First things first, check your perceptions. Is he pulling away? Or could it be something else?

Especially in newer relationships, “pulling away” can be a sign that something has changed. It could be that the person you’re seeing is feeling some doubts. It may be they’re not quite as emotionally available as you thought, and they’re seeking space to keep the intimacy in your relationship from growing beyond the point that feels comfortable for them. And, particularly if you’re someone with an anxious attachment style, it’s also entirely possible that they’re not really pulling away at all, you’re just experiencing the normal anxiety that you would feel in any new relationship that’s not totally committed yet. 

(Unsure of your attachment style? Take my attachment style quiz.)

But in a more committed, established relationship, distance in the relationship can mean something different. It’s actually totally normal for long-term relationships to be more spacious than newer relationships. All long-term couples go through periods of greater closeness, as well as times when they’re a little further apart. What feels like your partner pulling away may even be a reflection of the confidence they have in your bond.
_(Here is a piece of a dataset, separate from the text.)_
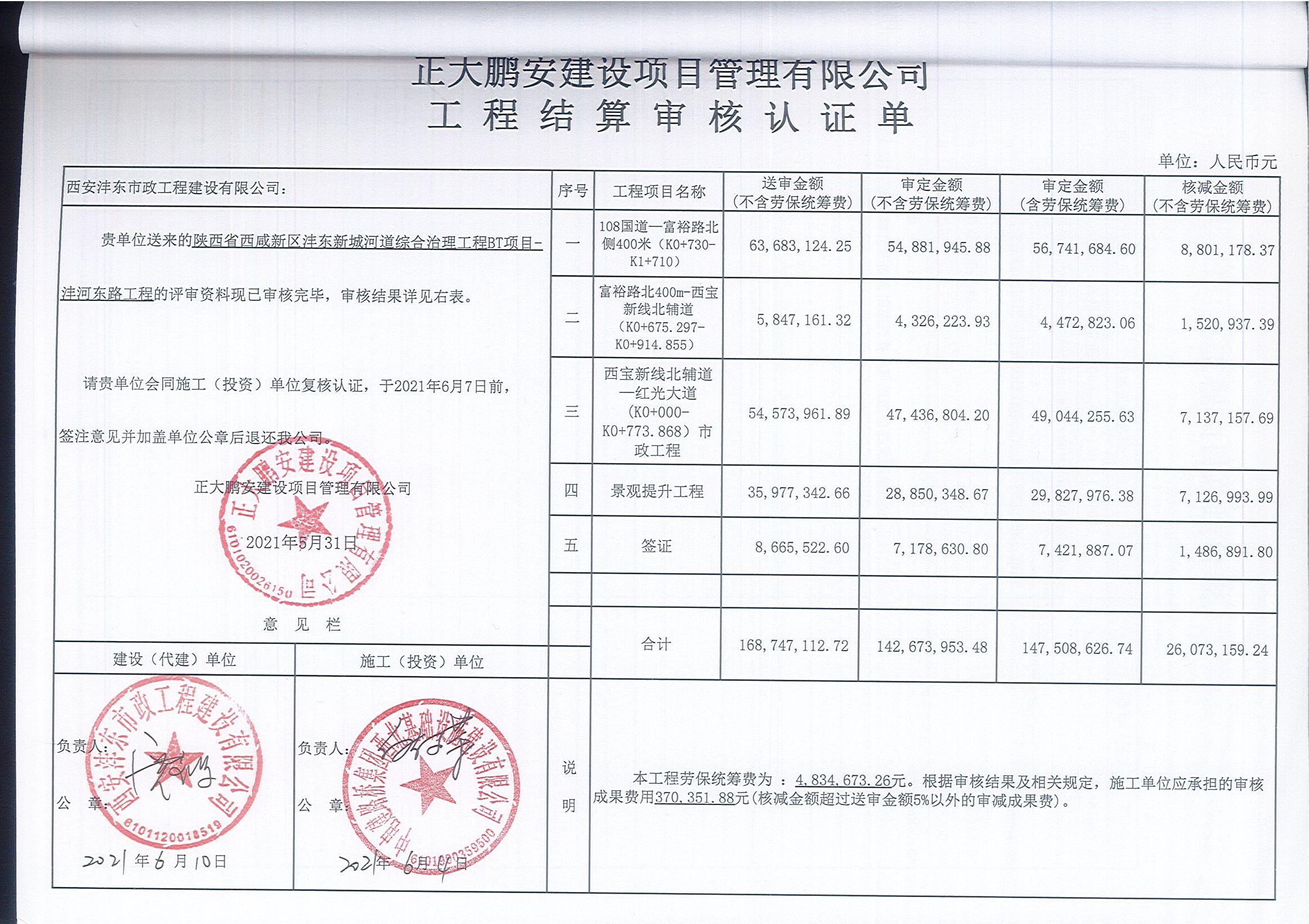本工程送審金額:1.68億元,審定金額:1.42億元,核減金額:2607.31萬元。

They’re able to focus on other areas of life without worrying that your relationship will go anywhere —to them, it’s just that rock solid. 

But, that does mean you should ignore your gut when you feel your partner pulling away. Trust your instincts — if something feels new and different, it probably is. And even if everything is fine on your partner’s end, you deserve to be in a relationship that feels satisfyingly connected for you, rather than a relationship that leaves you feeling lonely.

Here are a few of the most common reasons that people pull away in a long-term relationship, aside from the normal ebbs and flows of connection that all couples experience. 

Why He or She Is Pulling Away

  1. Competing Priorities: Modern life is a whirlwind! Between work, parenting, personal goals, and trying to get some exercise and sleep occasionally, it’s a wonder any of us find time to focus on our relationships. If your partner is pulling away, consider whether they’re overwhelmed with other areas of life at the moment. 
  1. Attachment Issues: Sometimes, emotional withdrawal can be a protective response, especially for people with an avoidant attachment style (learn more about how anxious-avoidant relationships work). Insecure attachment or fear of intimacy can lead your partner to fear being vulnerable, leading them to create distance.
  1. Unresolved Relational Wounds: When your partner pulls away, the culprit may be unresolved conflict or old relational wounds. If hurt feelings get bottled up rather than discussed and repaired, relationships will grow emotionally distant. It’s important to discover this sooner rather than later, before your partner goes too far down the off ramp of emotional disconnection. Old, unresolved wounds are one of the major things that can cause relationships to fail
  1. Disengagement and Planning: This is probably the scariest reason that your partner may be pulling away, but I want to be a good friend to you and tell you the truth. Before people make big life decisions — like whether to work on a relationship or call it quits — they often disengage for a period of time to create space for independent reflection. That is not necessarily what’s happening in your relationship, but it is one possibility. 
  1. Depression: Mental health challenges, such as depression and anxiety, can significantly impact your partner’s ability to connect emotionally. Emotional withdrawal may be a sign of inner struggles they’re facing. This is especially true if they’re dealing with grief, loss, or a major life setback. 
  1. Other attachments: I certainly hope that this is not the case for you, but it is an unfortunate reality that a sudden change in the emotional intimacy within a relationship can be a sign that one partner is getting their needs met elsewhere. If you suspect infidelity might be at the root of your partner pulling away, it’s important to seek out help from a really good couples counselor who will be able to help you uncover the truth and find the best path forward. 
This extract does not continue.